Opened 11 years ago
Last modified 9 years ago
#22666 new Bug
GenericIPAddressField index never used on PostgreSQL
Reported by: | Marti Raudsepp | Owned by: | nobody |
---|---|---|---|
Component: | Database layer (models, ORM) | Version: | dev |
Severity: | Normal | Keywords: | db-indexes |
Cc: | Triage Stage: | Accepted | |
Has patch: | no | Needs documentation: | no |
Needs tests: | no | Patch needs improvement: | no |
Easy pickings: | no | UI/UX: | no |
Description
This isn't a problem for us currently, but something I noticed in the queries generated by Django, which I find to be an antifeature: fields that have GenericIPAddressField(db_index=True) are currently incapable of actually using the index in filters on PostgreSQL. The indexing does work on other databases because it's just a char/varchar field.
For example, given model:
class Ip(models.Model): ip = models.GenericIPAddressField(db_index=True)
The index is created as:
CREATE INDEX "asd_ip_ip" ON "asd_ip" ("ip");
And query filter clauses are generated using the host()
database function.
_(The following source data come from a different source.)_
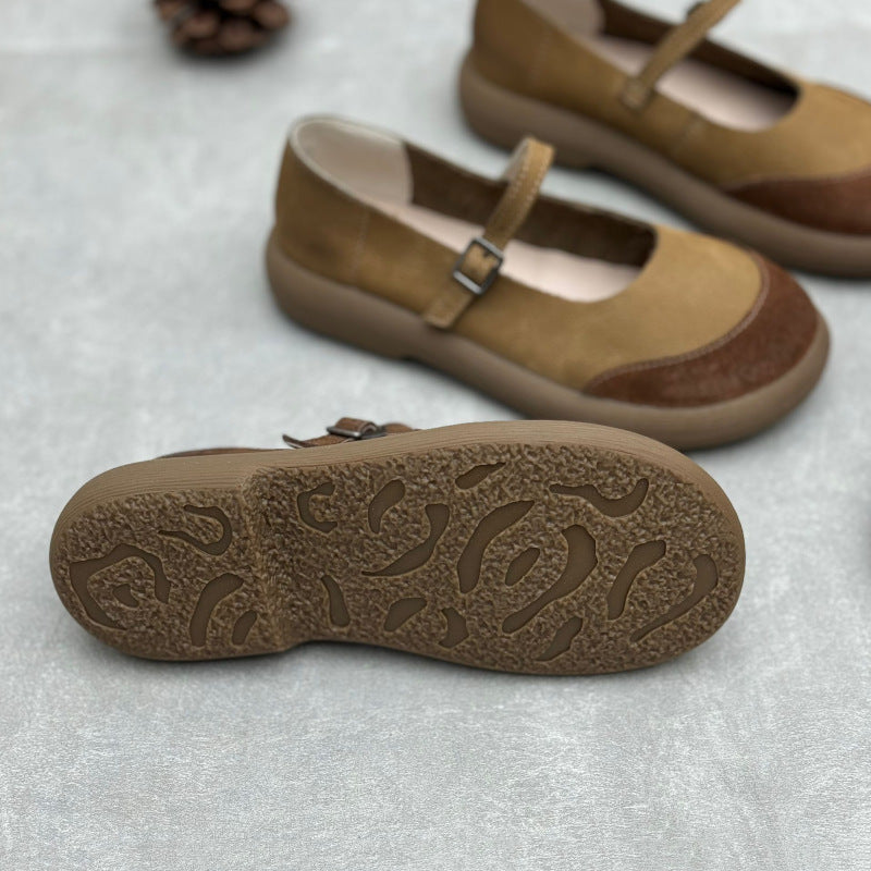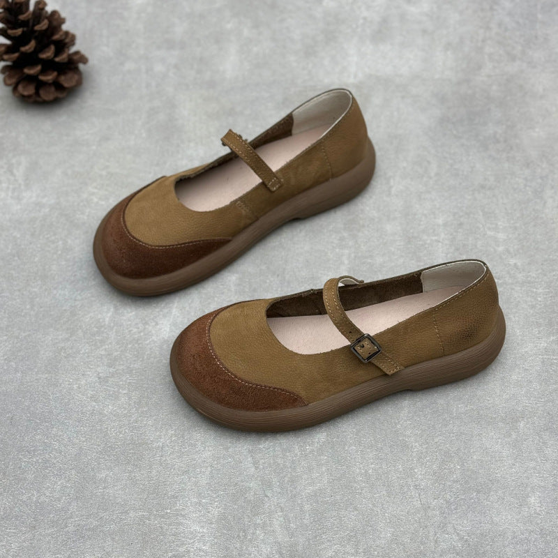 Women's Handmade Leather Patchwork Flat Mary Jane Shoes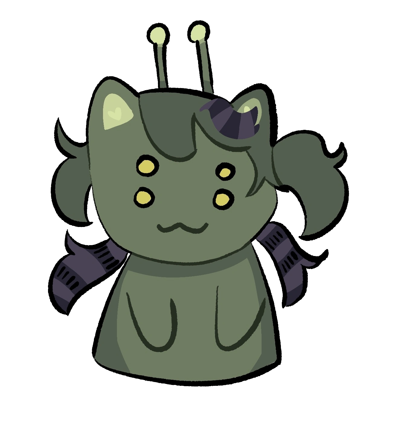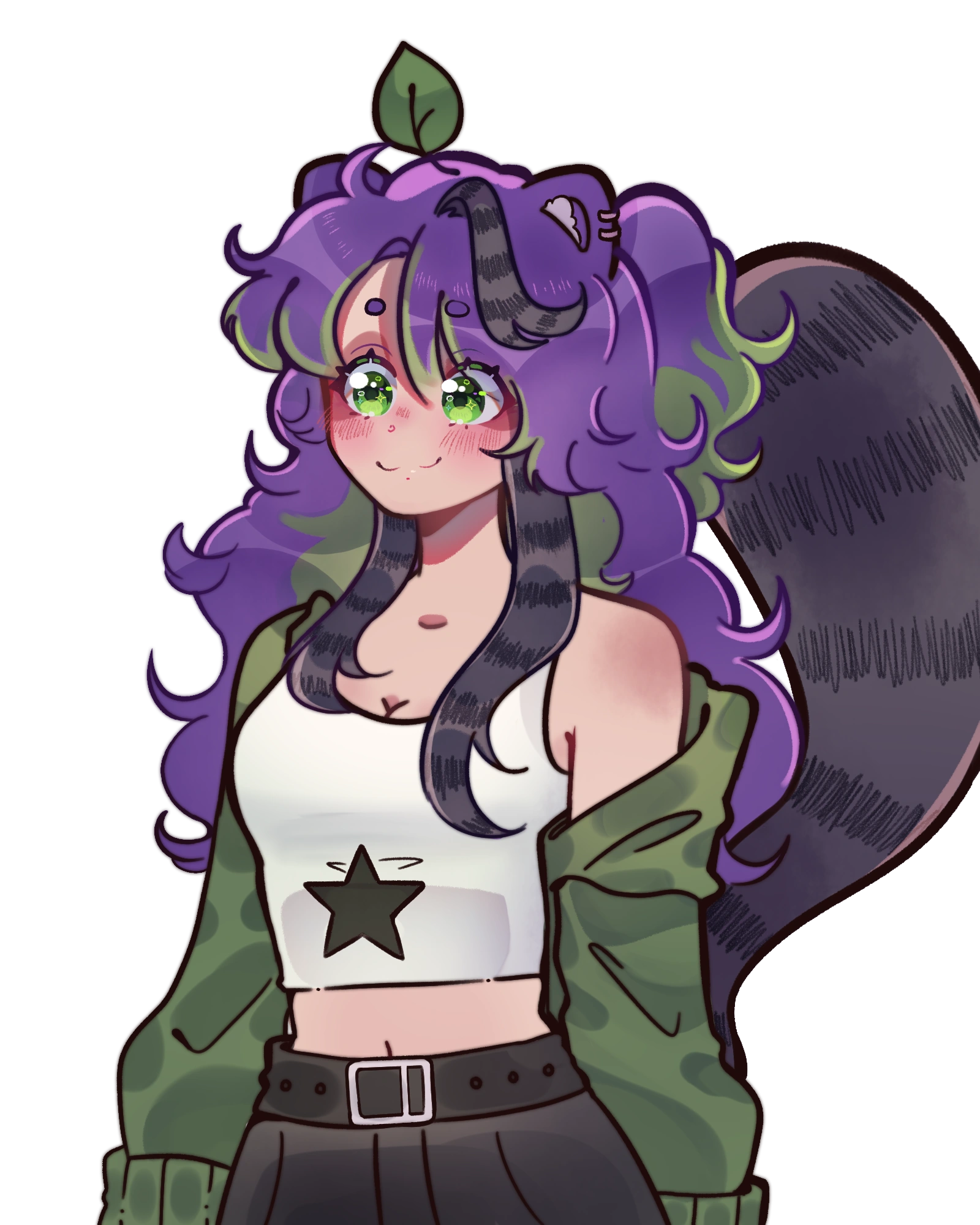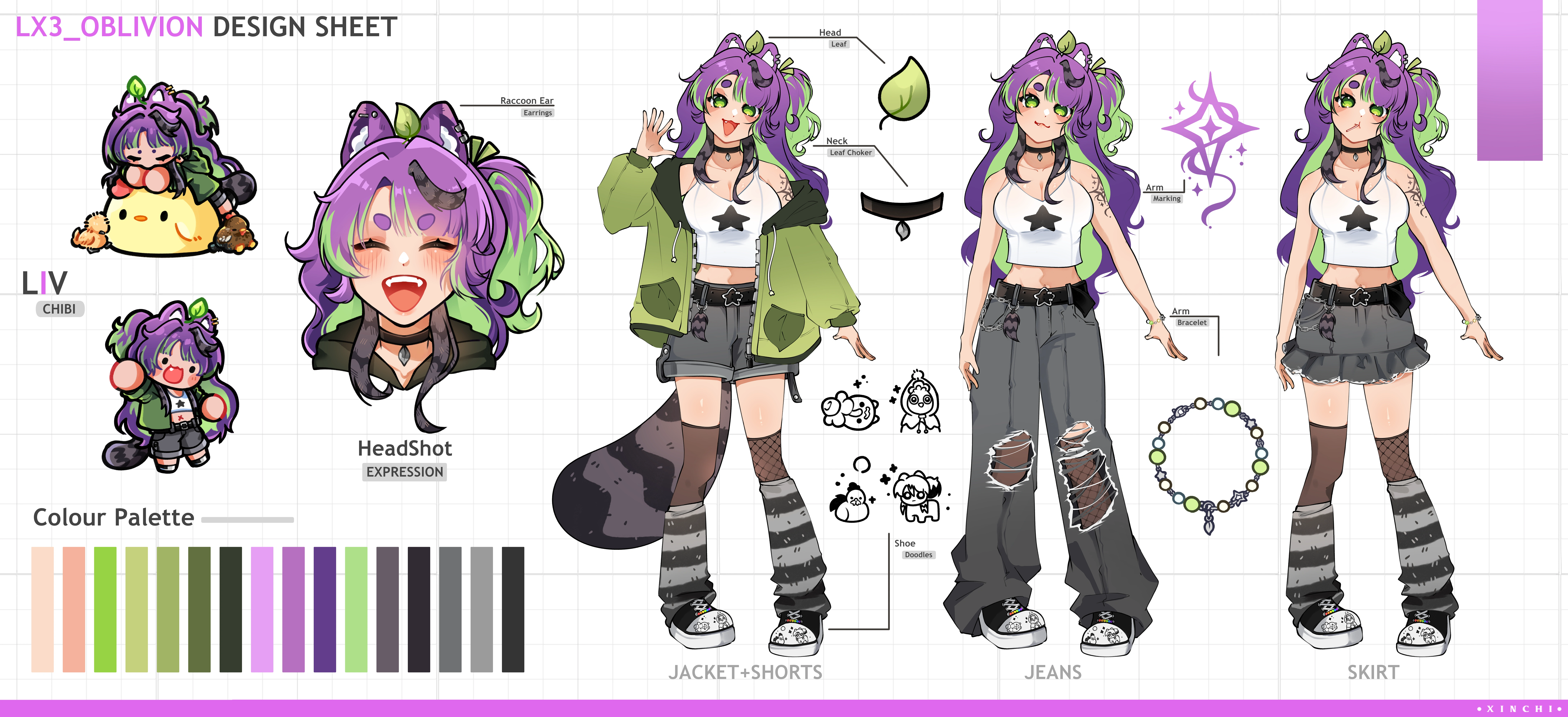 In Liv's human form, they maintain a feminine appearance with long, fluffy purple hair with green under-dye and 3 raccoon tails dyed in their hair. They have fangs, dark raccoon-like circles around their eyes, bright green eyes, and a star-shaped birthmark on their left shoulder. Liv typically wears a white tank top with a black star design and an olive-green unzipped hoodie. They wear mismatched thigh highs with striped leg-warmers. Their Black Converse Chucks have doodles of the Pokemon Smoliv, two chickens, and an autism creature (or TBH creature), and beads in rainbow colors as a reference to being part of the LGBTQ community. Liv prefers to wear black denim bottoms (shorts, ripped jeans, or mini-skirt).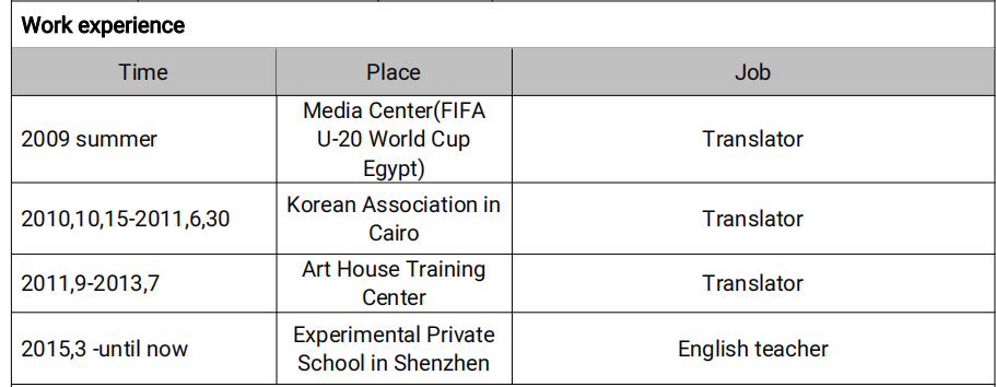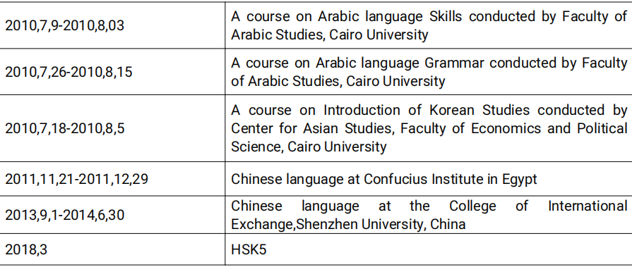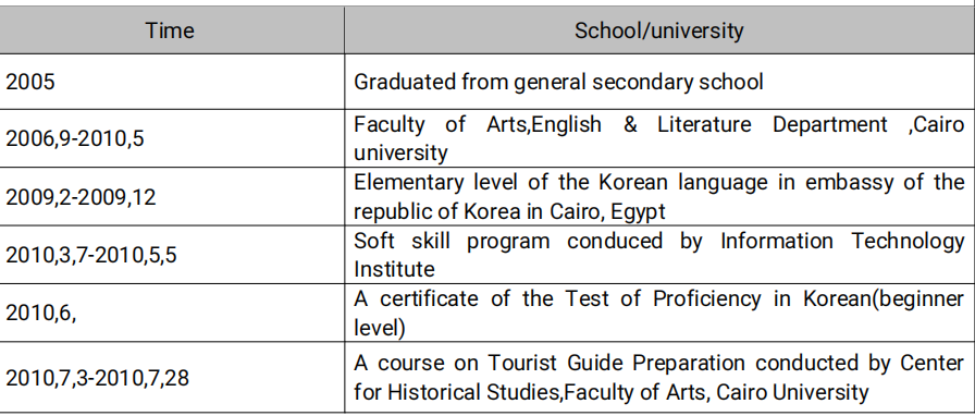 教育 2006年9月至2010年5月,開羅大學(xué)英國文學(xué)系文學(xué)院畢業(yè) 工作 2009年夏季媒體中心(國際足聯(lián)U-20世界杯埃及) 翻譯 2010年10月15日至2011年6月30日開羅公司的韓國社會 翻譯 2011,9-2013,7亞瑟王訓(xùn)練中心 翻譯 2015年3月至今深圳實驗私立學(xué)校 英語老師 |

Since the index was created without the function, it cannot be used:
Ip.objects.filter(ip='1.2.3.4') # SELECT ... FROM "asd_ip" WHERE HOST("asd_ip"."ip") = '1.2.3.4' Ip.objects.filter(ip__gte='1.2.3.4') # SELECT ... FROM "asd_ip" WHERE HOST("asd_ip"."ip") >= '1.2.3.4'
Worse, since host() converts the IP address to text, the __gte
filter stops making much sense, it will consider the IP address '255.0.0.0' to be less than '3.0.0.0'
The index can be used for natural ordering, but the ordering will be inconsistent with the above __gte
example and other greater/less than operators.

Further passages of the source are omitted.